* [TASK REQUIREMENTS] Leaving pictures out, repeat word for word the line that has "- Adjustable 67″" and each line that follows it to the end of the listing.

* [RECORDED DATA]
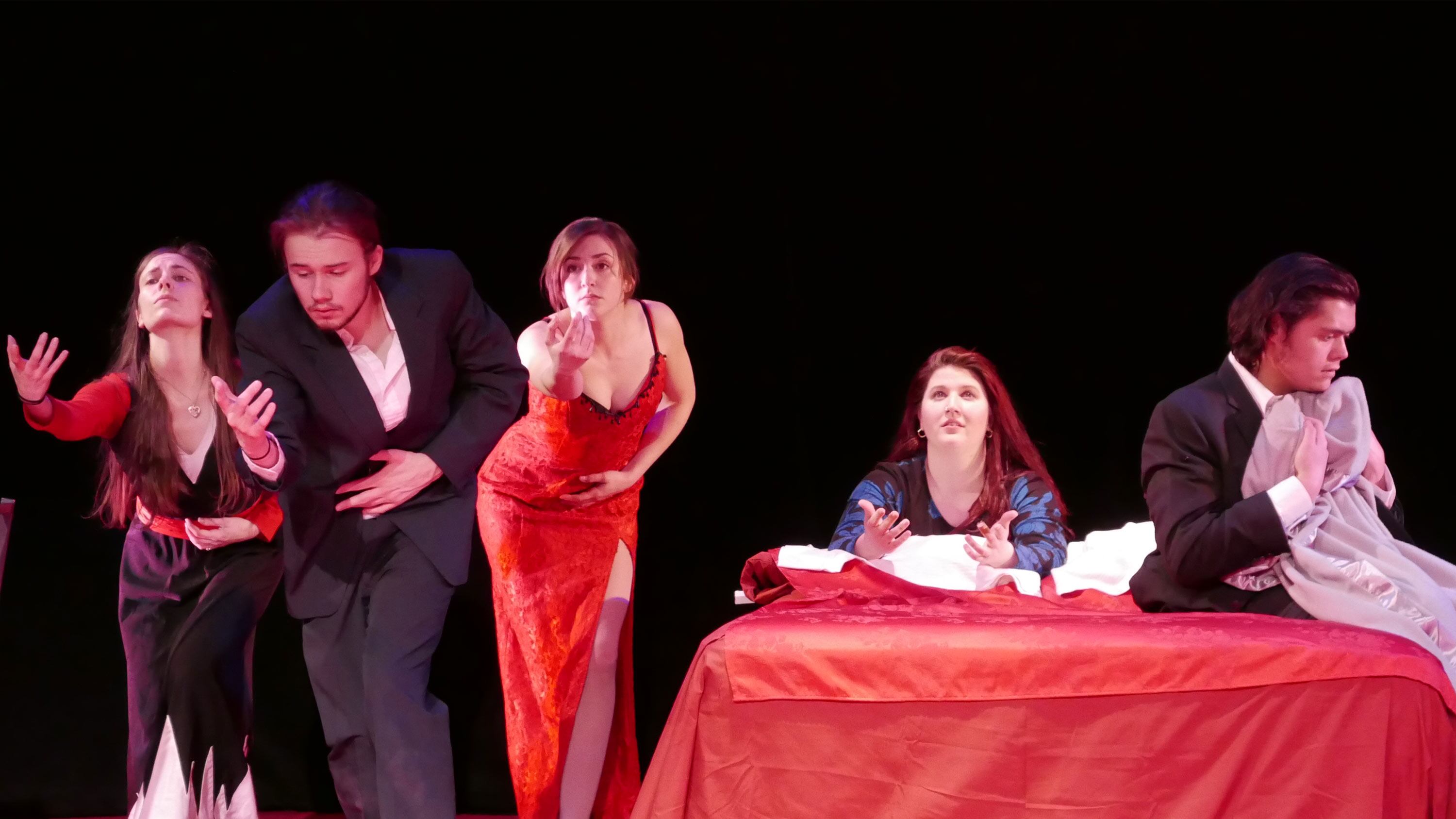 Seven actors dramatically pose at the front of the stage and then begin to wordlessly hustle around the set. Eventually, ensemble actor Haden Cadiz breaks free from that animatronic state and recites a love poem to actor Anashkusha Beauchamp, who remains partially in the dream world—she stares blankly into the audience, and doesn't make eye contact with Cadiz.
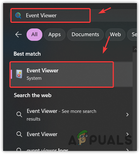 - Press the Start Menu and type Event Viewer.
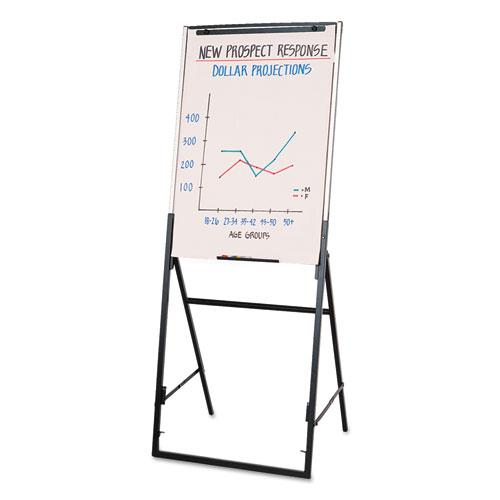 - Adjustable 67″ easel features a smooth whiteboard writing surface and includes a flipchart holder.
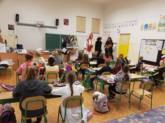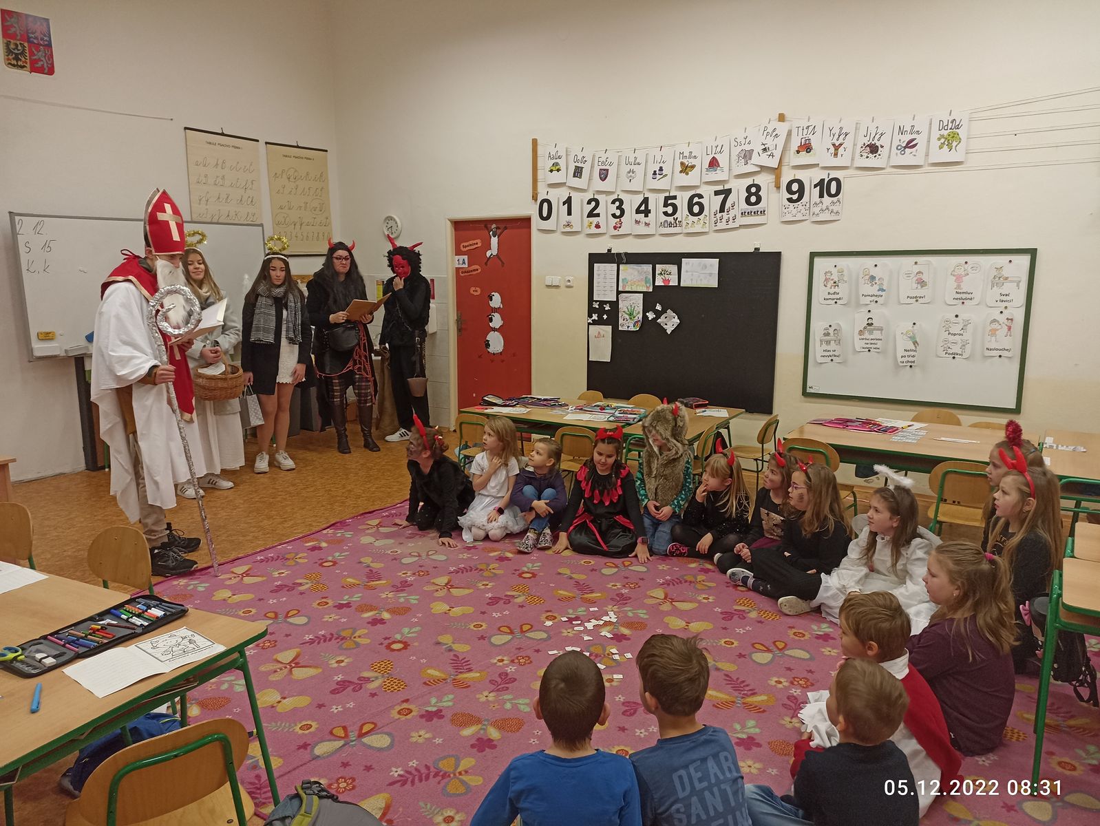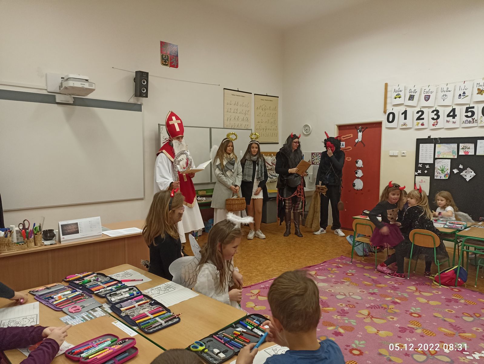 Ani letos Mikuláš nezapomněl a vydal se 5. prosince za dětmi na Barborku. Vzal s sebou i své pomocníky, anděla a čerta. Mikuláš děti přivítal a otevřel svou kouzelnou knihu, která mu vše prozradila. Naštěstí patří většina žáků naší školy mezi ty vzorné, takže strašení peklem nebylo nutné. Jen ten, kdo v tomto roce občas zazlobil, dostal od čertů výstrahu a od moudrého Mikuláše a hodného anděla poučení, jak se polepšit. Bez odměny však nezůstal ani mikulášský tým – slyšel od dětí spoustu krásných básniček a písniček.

* [REPLY]
 - Adjustable 67″ easel features a smooth whiteboard writing surface and includes a flipchart holder.
 Ani letos Mikuláš nezapomněl a vydal se 5. prosince za dětmi na Barborku. Vzal s sebou i své pomocníky, anděla a čerta. Mikuláš děti přivítal a otevřel svou kouzelnou knihu, která mu vše prozradila. Naštěstí patří většina žáků naší školy mezi ty vzorné, takže strašení peklem nebylo nutné. Jen ten, kdo v tomto roce občas zazlobil, dostal od čertů výstrahu a od moudrého Mikuláše a hodného anděla poučení, jak se polepšit. Bez odměny však nezůstal ani mikulášský tým – slyšel od dětí spoustu krásných básniček a písniček.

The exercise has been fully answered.